* WHAT THE EXERCISE ASKS
The material below holds pictures; leave them out and reproduce exactly the lines from the one with "A 1972 advertising" through the one with "1. 某水果店推出的一款水果拼盘套餐受到了广大消费者的喜爱,每天的销售量 $", inclusive.

* RECORDS FOR PROCESSING
────────────────
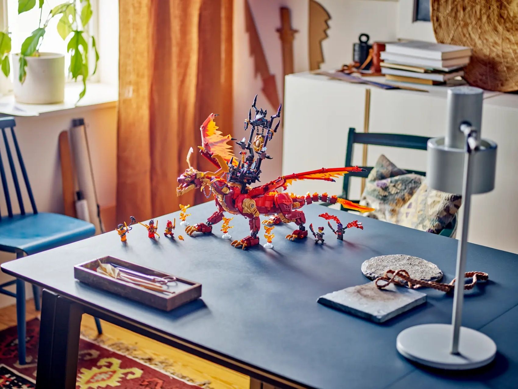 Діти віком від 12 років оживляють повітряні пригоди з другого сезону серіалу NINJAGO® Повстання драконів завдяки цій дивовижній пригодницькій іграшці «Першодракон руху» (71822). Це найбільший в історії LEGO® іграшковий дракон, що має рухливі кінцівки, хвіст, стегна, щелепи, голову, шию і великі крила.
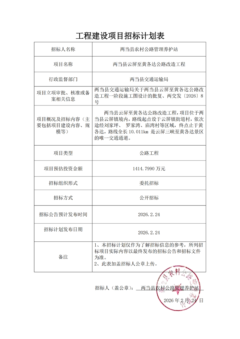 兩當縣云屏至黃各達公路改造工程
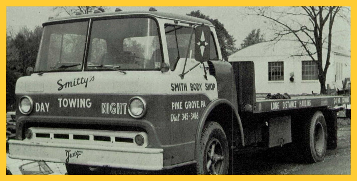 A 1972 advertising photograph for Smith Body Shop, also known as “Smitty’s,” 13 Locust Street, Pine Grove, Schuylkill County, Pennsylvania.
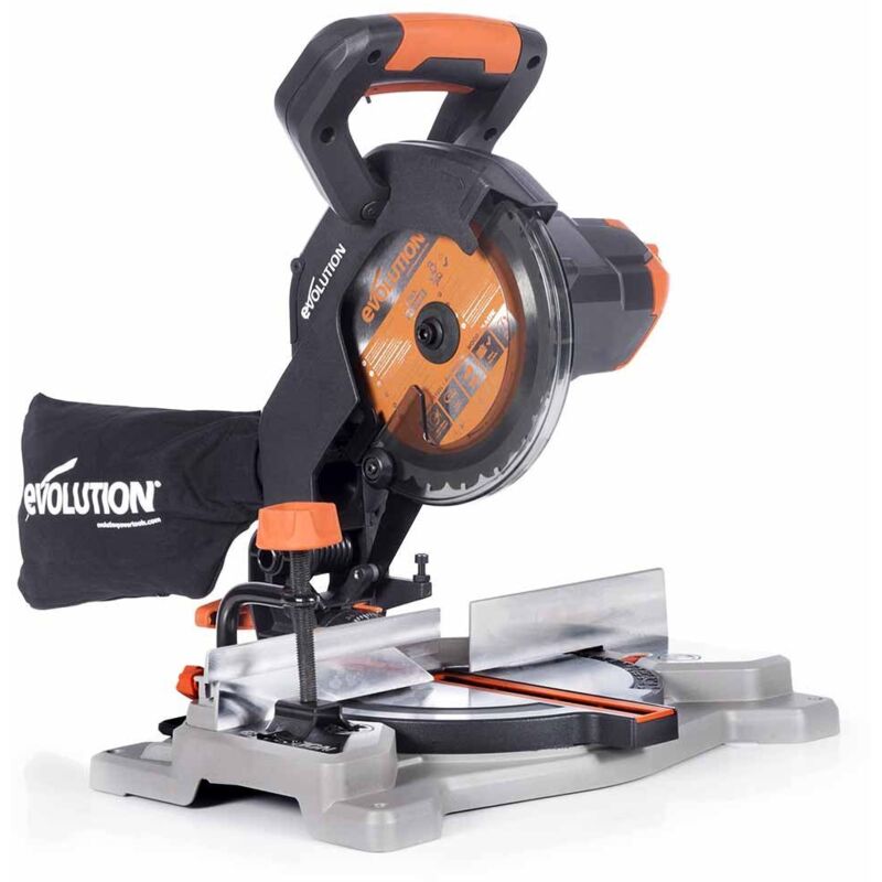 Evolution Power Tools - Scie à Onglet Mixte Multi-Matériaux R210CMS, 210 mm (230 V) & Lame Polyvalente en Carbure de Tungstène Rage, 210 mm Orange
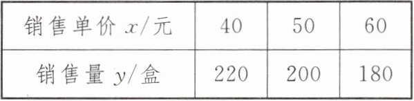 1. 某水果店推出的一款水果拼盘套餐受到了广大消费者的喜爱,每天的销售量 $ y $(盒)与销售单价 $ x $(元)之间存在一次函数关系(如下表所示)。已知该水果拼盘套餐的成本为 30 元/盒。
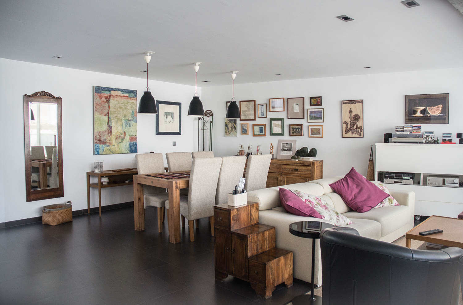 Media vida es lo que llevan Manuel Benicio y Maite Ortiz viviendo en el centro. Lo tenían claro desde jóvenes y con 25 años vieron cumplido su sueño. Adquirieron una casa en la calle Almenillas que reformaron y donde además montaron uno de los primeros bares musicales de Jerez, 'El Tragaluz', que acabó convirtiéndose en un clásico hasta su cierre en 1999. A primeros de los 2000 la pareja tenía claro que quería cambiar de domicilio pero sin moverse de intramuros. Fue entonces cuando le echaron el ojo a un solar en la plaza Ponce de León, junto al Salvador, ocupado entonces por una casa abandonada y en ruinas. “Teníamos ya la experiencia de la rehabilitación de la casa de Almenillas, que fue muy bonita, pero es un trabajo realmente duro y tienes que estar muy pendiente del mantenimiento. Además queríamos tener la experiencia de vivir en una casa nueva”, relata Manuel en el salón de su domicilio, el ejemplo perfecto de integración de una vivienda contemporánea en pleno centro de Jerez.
────────────────
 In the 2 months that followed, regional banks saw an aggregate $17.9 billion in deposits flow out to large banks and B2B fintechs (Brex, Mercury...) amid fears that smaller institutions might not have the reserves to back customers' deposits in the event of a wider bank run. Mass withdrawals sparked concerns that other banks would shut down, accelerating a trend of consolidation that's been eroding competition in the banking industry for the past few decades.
────────────────
* ANSWER SPACE
 A 1972 advertising photograph for Smith Body Shop, also known as “Smitty’s,” 13 Locust Street, Pine Grove, Schuylkill County, Pennsylvania.
 Evolution Power Tools - Scie à Onglet Mixte Multi-Matériaux R210CMS, 210 mm (230 V) & Lame Polyvalente en Carbure de Tungstène Rage, 210 mm Orange
 1. 某水果店推出的一款水果拼盘套餐受到了广大消费者的喜爱,每天的销售量 $ y $(盒)与销售单价 $ x $(元)之间存在一次函数关系(如下表所示)。已知该水果拼盘套餐的成本为 30 元/盒。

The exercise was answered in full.